── EXTRACTED INFORMATION
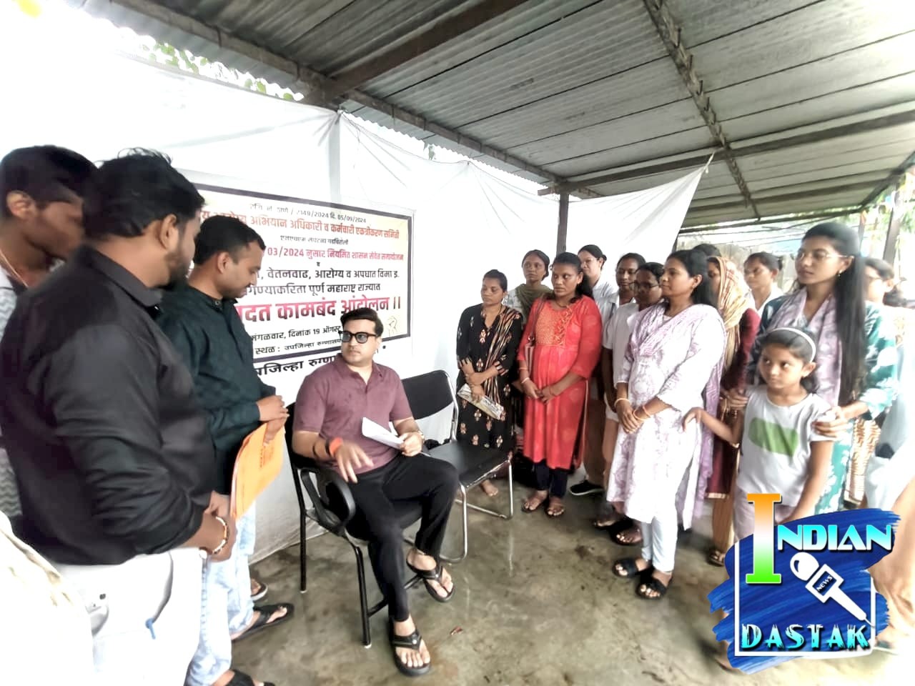 *अहेरी:-* राष्ट्रीय आरोग्य अभियानातील (एनएचएम) कंत्राटी अधिकारी व कर्मचारी यांच्या उपजिल्हा रुग्णालय व तालुका आरोग्य केंन्द्र समोर अहेरी येथे सुरू असलेल्या बेमुद्दत कामबंद आंदोलन स्थळी भेट देवून आंदोलनाच्या मागण्या जाणून घेतल्या.महाराष्ट्र शासनाच्या दि. १४/०३/२०२४ रोजीच्या निर्णयानुसार नियमित शासन सेवेत समायोजनाची प्रक्रिया शासनाने थांबवून ठेवलेली असून ती त्वरित पार पाडावी व ज्यांना 10 वर्षे झालेली नाही अशांना बदली धोरण, वेतनवाढ, ईपीएफ, आरोग्य व अपघात विमा आदी लागू करण्याच्या मागणीसाठी “बेमुदत कामबंद” आंदोलन सुरू केले आहे.त्यांच्या मागण्यांबद्दल चर्चा करण्यात आली व आपल्या मागण्या रास्त असल्याचे सांगुन शासनापर्यंत पोहचवून त्वरीत मार्ग काढण्यासाठी पाठपुरावा करू असे माजी पालकमंत्री राजे अम्ब्रिशराव महाराज यांनी सांगीतले.
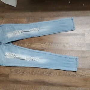 GORGOUS LUXE BEDAZZELDED&TRASHED/RIPPED UP TORN UP DESTROYED JEANS SZ 27
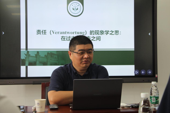9月27日下午,公司2023-2024年“守正与创新”名家系列讲座第一讲在大学城校区A座509会议室正式开讲。第一讲邀请到了中山大学人文社会科学处处长、哲学系系主任、博士生导师张伟教授,为全院老师和研究生代表作了题为《责任(Verantwortung)的现象学之思:在过去与未来之间》的报告。经理毛国民主持讲座。
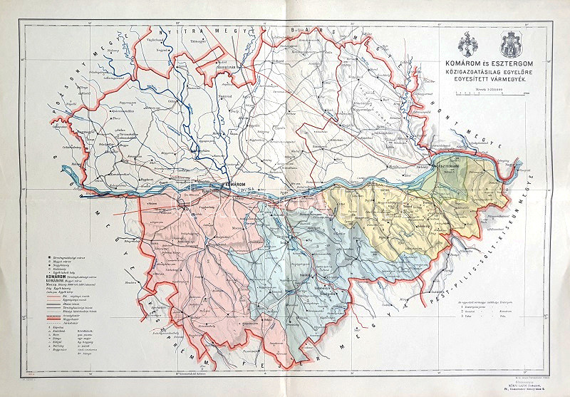 [Térkép] Komárom és Esztergom közigazgatásilag egyelőre egyesített vármegyék térképe. Mérték: 1:250,000. (1937).
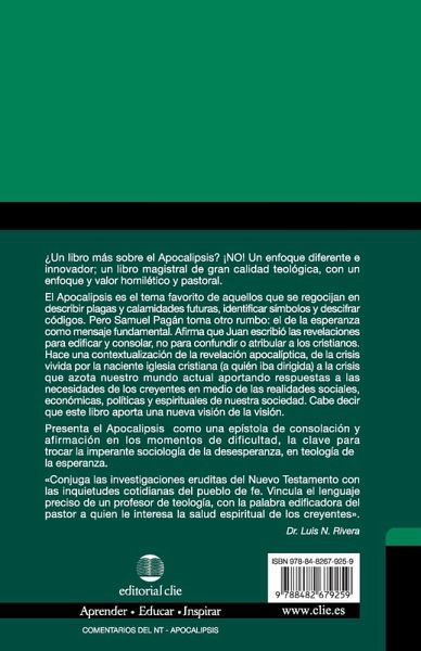 Esta obra novedosa e in¿¿dita, contiene una interpretaci¿¿n desde la perspectiva teol¿¿gica e hist¿¿rica del libro m¿¿s enigm¿¿tico de la Biblia: el Apocalipsis. El autor aborda textos b¿¿blicos desde preguntas existenciales de nuestra ¿¿poca, con un enfoque esperanzador y un mensaje de consolaci¿¿n que brindar¿¿ una experiencia de lectura clara y alentadora. El deseo expreso de su autor es ayudar a pastores y predicadores a comprender mejor el mensaje transformador del vidente Juan, y compartirlo en sus sermones y estudios. El autor con esta aportaci¿¿n magistral conjunta los v¿¿nculos de Apocalipsis con el resto de la literatura apocal¿¿ptica: la B¿¿blica, la deuterocan¿¿nica, y la ap¿¿crifa; Y los engarces con la literatura prof¿¿tica, sapiencial, y los himnos lit¿¿rgicos del Antiguo y Nuevo Testamento. Incluye: Contenido Apocal¿¿ptico. Amplia introducci¿¿n para explicar contexto. Interpretaci¿¿n por Samuel Pag¿¿n. La esperanza como enfoque fundamental. Revelation This wonderful work contains an interpretation from the theological and historical perspective of the most enigmatic book in the Bible: the book of Revelation. The author approaches biblical texts from existential questions of our time, with a hopeful approach and a message of consolation that will provide a clear and encouraging reading experience. The express desire of its author is to help pastors and preachers better understand the transformative message of the Apostle John, and share it in their sermons and studies. The author with this masterful contribution links the book of Revelation with the rest of the apocalyptic literature: the Biblical, the deuterocanonical, and the apocryphal; And it links them with prophetic, wisdom, and liturgical hymns from the Old and New Testaments. This book includes: Apocalyptic content. Extensive introduction to explain context. Interpretation by Samuel Pag¿¿n. Hope as a fundamental focus.
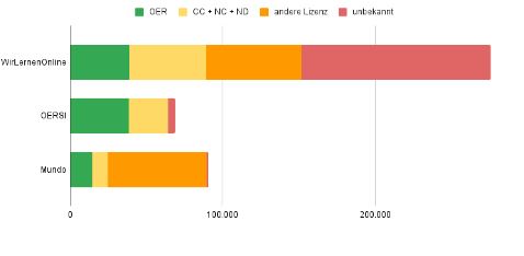 - OERSI.org – erfasst OER für den Hochschulbereich, der aus ersten Landessammelstellen gespeist wird. Verwiesen sind 68.598 Inhalte unter OER und anderen CC-Lizenzen. Die Grafik zählt nur OER.
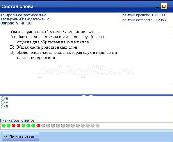 З 500 питань по російській мові, що знаходяться в тестері, програма методом ротації вибирає для учня 20 питань, які містять 3 варіанти відповіді, що виключає механічне запам'ятовування. В процесі тестування учня на екрані монітора постійно видається інформація про час, що залишився до кінця здачі тесту.
────
Omitting all pictures, restate exactly the lines of the material from its start through the line that contains "[Térkép] Komárom és".

 *अहेरी:-* राष्ट्रीय आरोग्य अभियानातील (एनएचएम) कंत्राटी अधिकारी व कर्मचारी यांच्या उपजिल्हा रुग्णालय व तालुका आरोग्य केंन्द्र समोर अहेरी येथे सुरू असलेल्या बेमुद्दत कामबंद आंदोलन स्थळी भेट देवून आंदोलनाच्या मागण्या जाणून घेतल्या.महाराष्ट्र शासनाच्या दि. १४/०३/२०२४ रोजीच्या निर्णयानुसार नियमित शासन सेवेत समायोजनाची प्रक्रिया शासनाने थांबवून ठेवलेली असून ती त्वरित पार पाडावी व ज्यांना 10 वर्षे झालेली नाही अशांना बदली धोरण, वेतनवाढ, ईपीएफ, आरोग्य व अपघात विमा आदी लागू करण्याच्या मागणीसाठी “बेमुदत कामबंद” आंदोलन सुरू केले आहे.त्यांच्या मागण्यांबद्दल चर्चा करण्यात आली व आपल्या मागण्या रास्त असल्याचे सांगुन शासनापर्यंत पोहचवून त्वरीत मार्ग काढण्यासाठी पाठपुरावा करू असे माजी पालकमंत्री राजे अम्ब्रिशराव महाराज यांनी सांगीतले.
 GORGOUS LUXE BEDAZZELDED&TRASHED/RIPPED UP TORN UP DESTROYED JEANS SZ 27
9月27日下午,公司2023-2024年“守正与创新”名家系列讲座第一讲在大学城校区A座509会议室正式开讲。第一讲邀请到了中山大学人文社会科学处处长、哲学系系主任、博士生导师张伟教授,为全院老师和研究生代表作了题为《责任(Verantwortung)的现象学之思:在过去与未来之间》的报告。经理毛国民主持讲座。
 [Térkép] Komárom és Esztergom közigazgatásilag egyelőre egyesített vármegyék térképe. Mérték: 1:250,000. (1937).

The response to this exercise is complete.